DATA SUPPLIED:
_ _ _ _

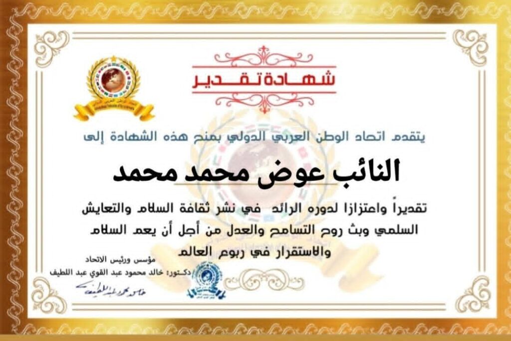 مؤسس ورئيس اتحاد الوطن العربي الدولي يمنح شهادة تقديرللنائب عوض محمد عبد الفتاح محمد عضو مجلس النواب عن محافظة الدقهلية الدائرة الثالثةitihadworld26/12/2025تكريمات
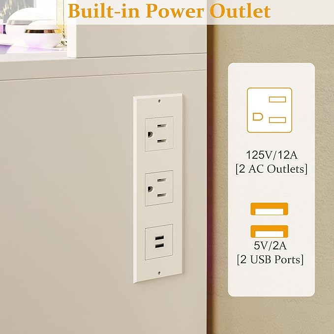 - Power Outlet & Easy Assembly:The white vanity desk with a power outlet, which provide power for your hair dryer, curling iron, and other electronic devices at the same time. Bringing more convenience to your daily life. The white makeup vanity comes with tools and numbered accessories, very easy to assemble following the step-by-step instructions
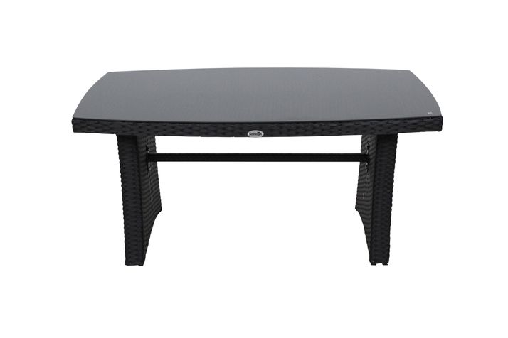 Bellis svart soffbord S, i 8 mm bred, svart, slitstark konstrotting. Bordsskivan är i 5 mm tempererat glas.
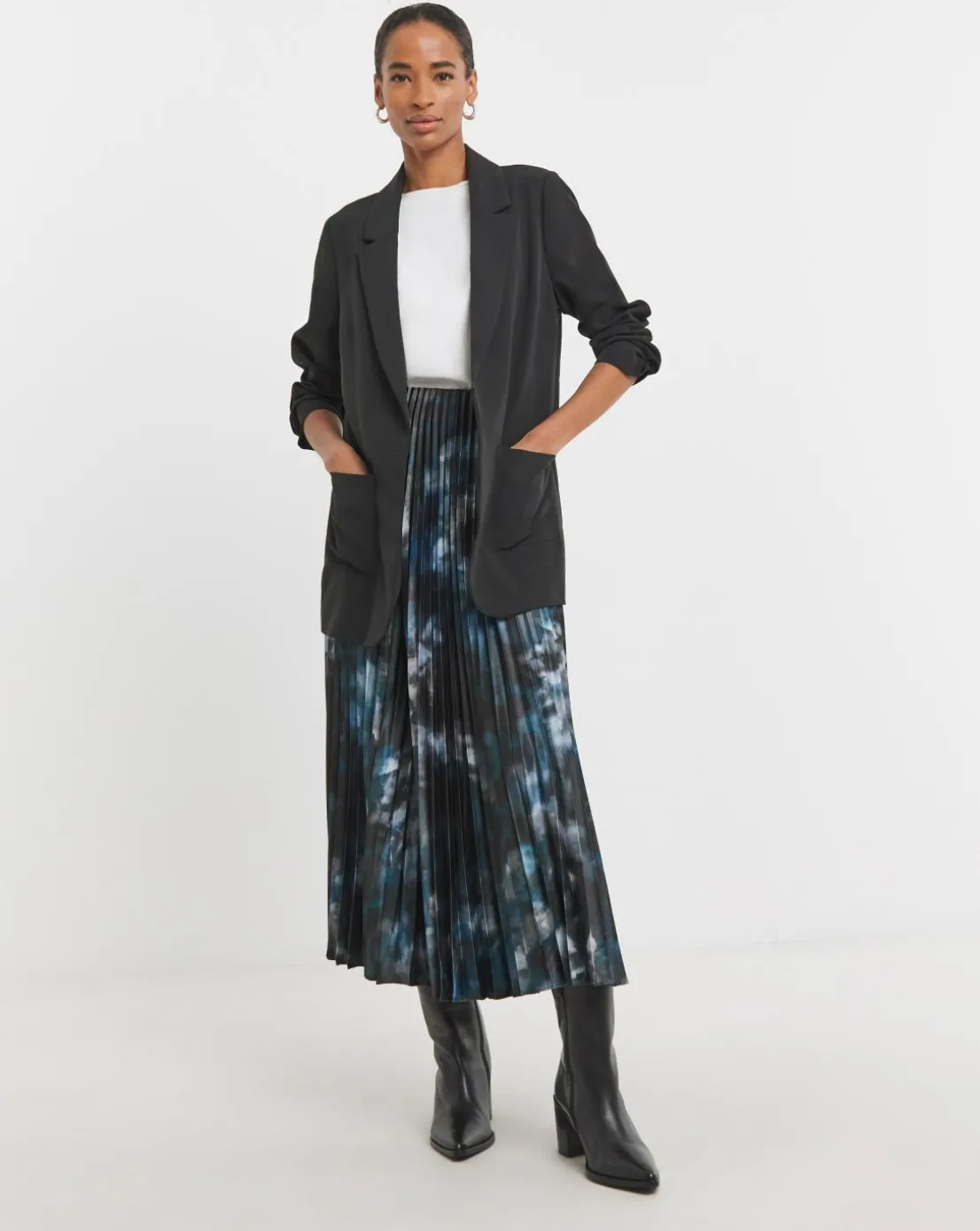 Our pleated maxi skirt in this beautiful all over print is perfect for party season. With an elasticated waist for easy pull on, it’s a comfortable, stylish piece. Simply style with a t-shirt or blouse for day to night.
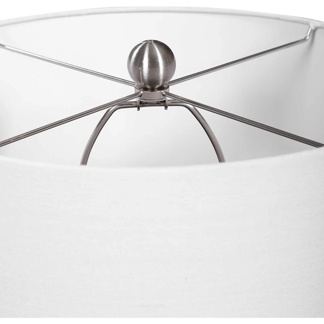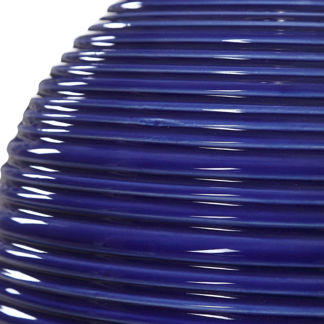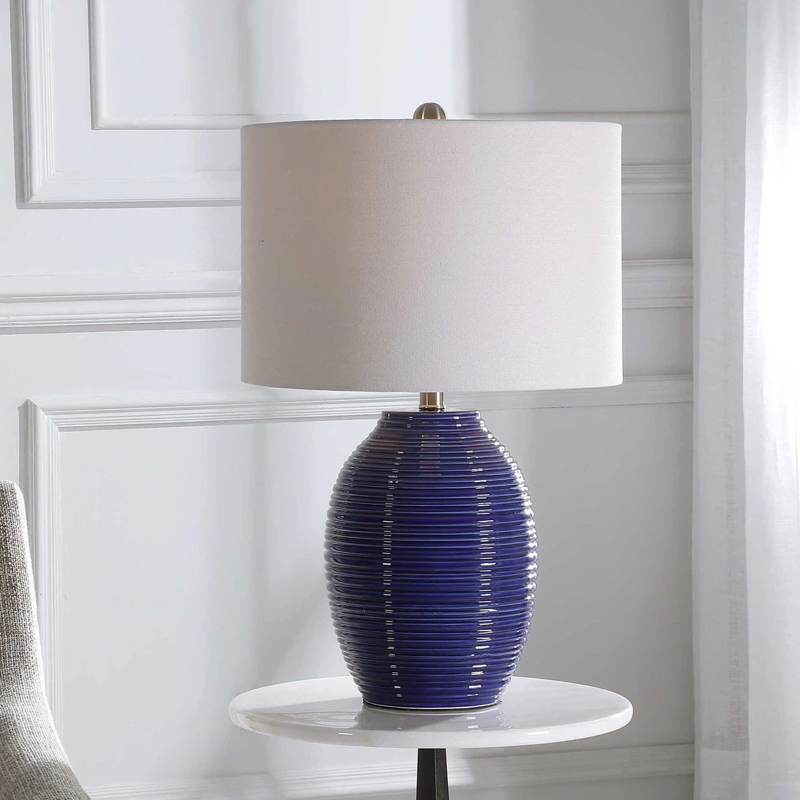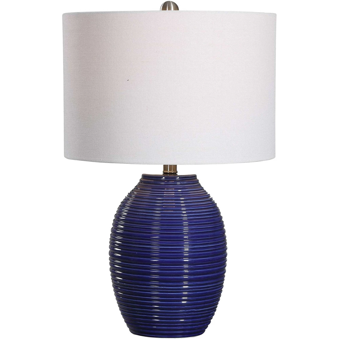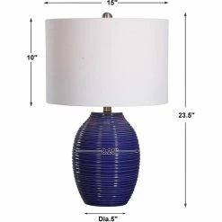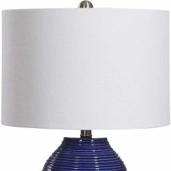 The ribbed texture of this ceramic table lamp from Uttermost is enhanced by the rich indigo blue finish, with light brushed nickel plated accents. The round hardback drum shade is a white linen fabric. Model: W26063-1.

_ _ _ _

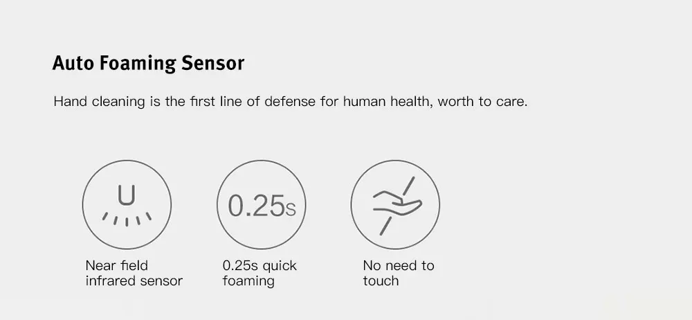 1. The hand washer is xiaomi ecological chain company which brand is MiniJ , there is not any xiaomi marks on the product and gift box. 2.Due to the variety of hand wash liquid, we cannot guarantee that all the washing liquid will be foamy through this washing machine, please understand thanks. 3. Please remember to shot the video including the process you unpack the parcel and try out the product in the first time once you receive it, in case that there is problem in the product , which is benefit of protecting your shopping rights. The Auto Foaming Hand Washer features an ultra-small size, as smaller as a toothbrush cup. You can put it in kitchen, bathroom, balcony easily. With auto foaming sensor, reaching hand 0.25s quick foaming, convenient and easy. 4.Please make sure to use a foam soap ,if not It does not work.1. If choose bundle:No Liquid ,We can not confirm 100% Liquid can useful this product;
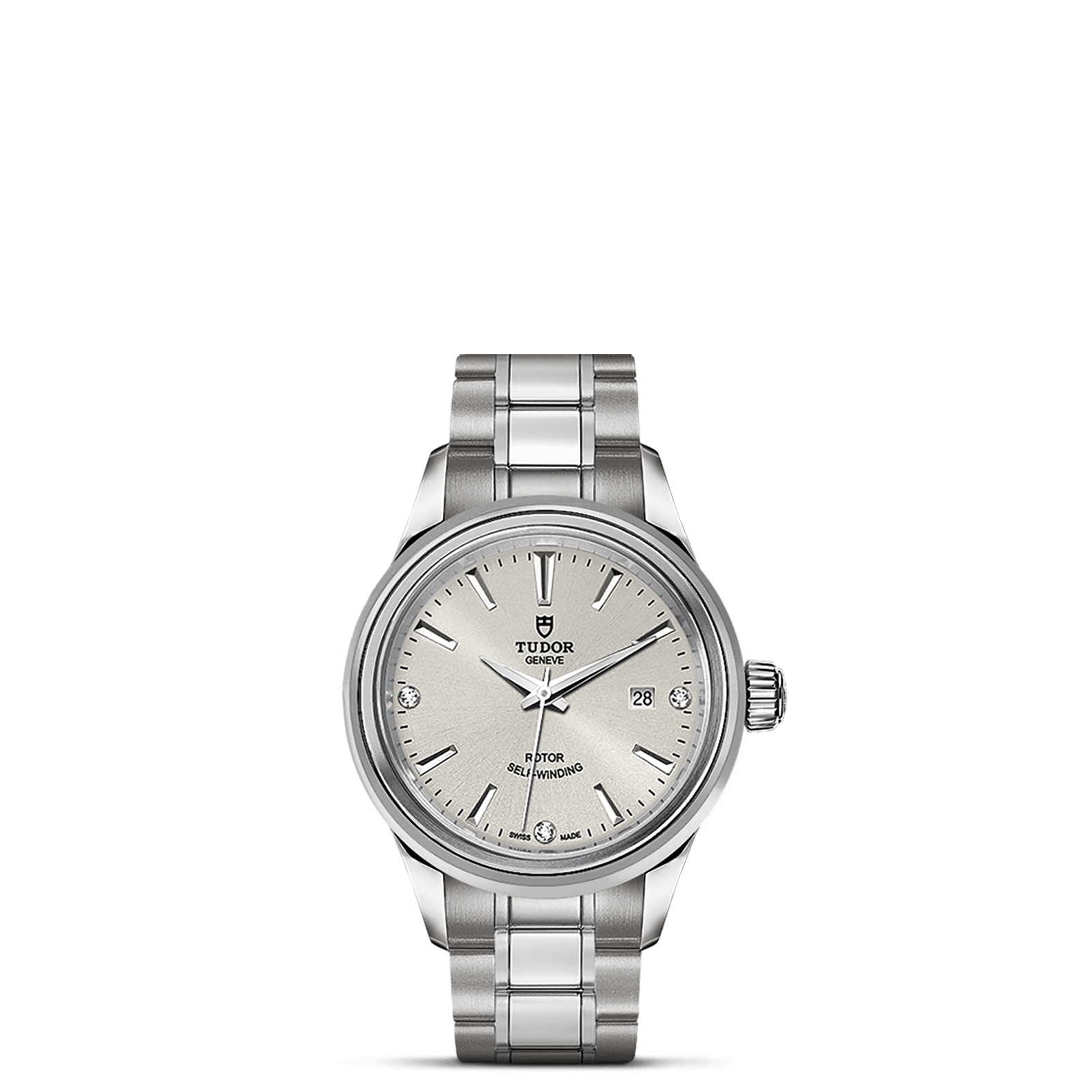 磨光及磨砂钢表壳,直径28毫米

_ _ _ _

Within the listing above, write out the stretch from the line with "Our pleated maxi" through the line with "The ribbed texture" exactly. Any pictures are to be left out.

EXERCISE ANSWER:
 Our pleated maxi skirt in this beautiful all over print is perfect for party season. With an elasticated waist for easy pull on, it’s a comfortable, stylish piece. Simply style with a t-shirt or blouse for day to night.
 The ribbed texture of this ceramic table lamp from Uttermost is enhanced by the rich indigo blue finish, with light brushed nickel plated accents. The round hardback drum shade is a white linen fabric. Model: W26063-1.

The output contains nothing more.